The acetate derivatization of alditols for determining alditol level in wine by gas chromatography (GC)-mass spectrometry (MS) has been developed. The wine sample was mixed with pyridine and centrifuged at 5000 r/min at the temperature of 4℃ for 10 min. After filtration with organic phase membrane, the supernatant was derivatized with acetic anhydride, and then dehydrated with anhydrous sodium sulfate. The GC separation was performed on a DB-5MS capillary column. The alditols were determined by MS in selected ion monitoring (SIM) mode and quantified by external standard method. The calibration curves showed good linearities in the range of 0.019-1.25 mg/L except for lactitol (0.039-2.50 mg/L) with the correlation coefficients greater than 0.99. The limits of quantification (S/N=10) of erythritol, xylitol, D-mannitol, sorbitol, galactitol and lactitol were 0.17, 0.29, 0.43, 0.46, 0.47 and 2.88 mg/L respectively.
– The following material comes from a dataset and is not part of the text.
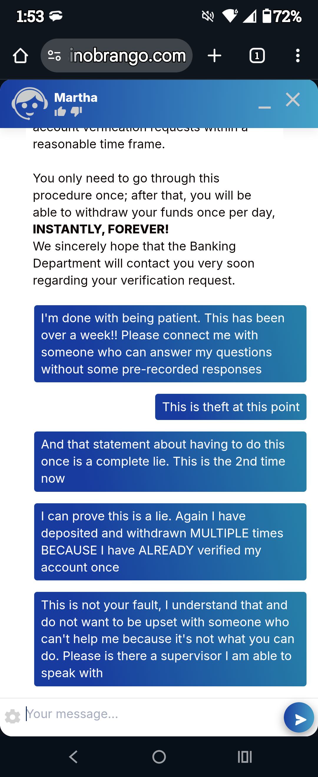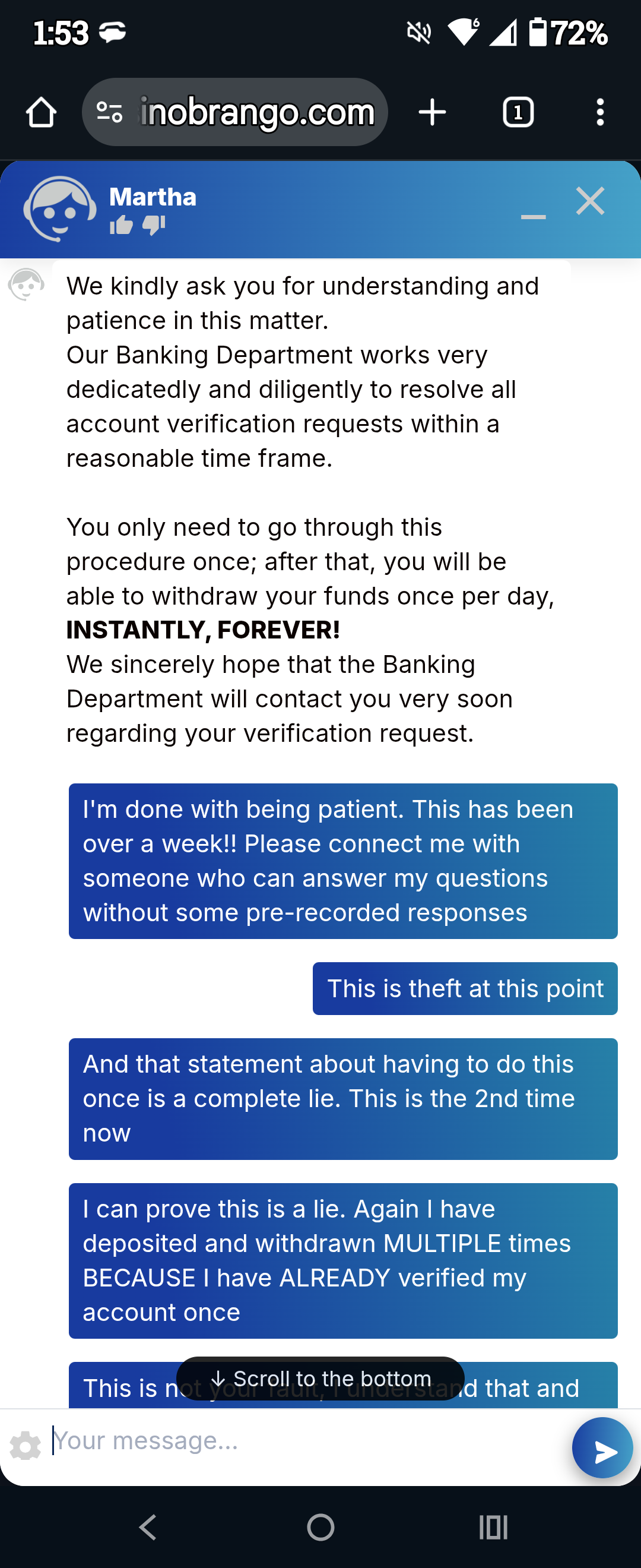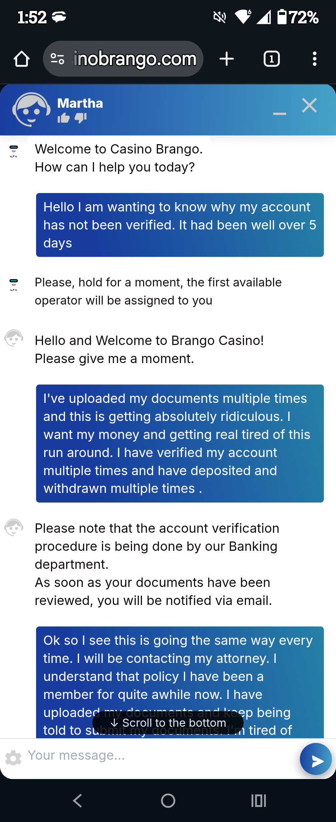O meu marido está com sérios problemas para levantar dinheiro do Brango. Somos ambos titulares de conta há alguns anos e já fizemos vários depósitos e levantamentos porque verificamos a nossa conta de acordo com as regras do site. Tentou levantar há uma semana e não recebeu nada além de ser instruído a enviar documentos para verificar a sua identidade. Já enviámos os documentos pelo menos 5 vezes e continuamos a receber instruções para enviar documentos em resposta. E o chat é inútil PORQUE NINGUÉM ESTÁ A DAR RESPOSTAS para além de uma maldita resposta! Como é que isso é aceitável? Mentem e dizem que só é preciso fazer este processo uma vez... e aqui estamos nós a andar em círculos só para levantar $100!!!

The limits of detection (S/N=3) were 0.05, 0.08, 0.13, 0.14, 0.14 and 1.38 mg/L respectively. The recoveries of alditols spiked in the wine at two levels of 40 mg/L and 80 mg/L were ranged from 80.15% to 108.75% with the relative standard deviations (RSDs) of 2.16%-6.97%. The sensitivity, accuracy and precision of the method can meet the technical standard. The method can be applied to the rapid determination of alditols in wine.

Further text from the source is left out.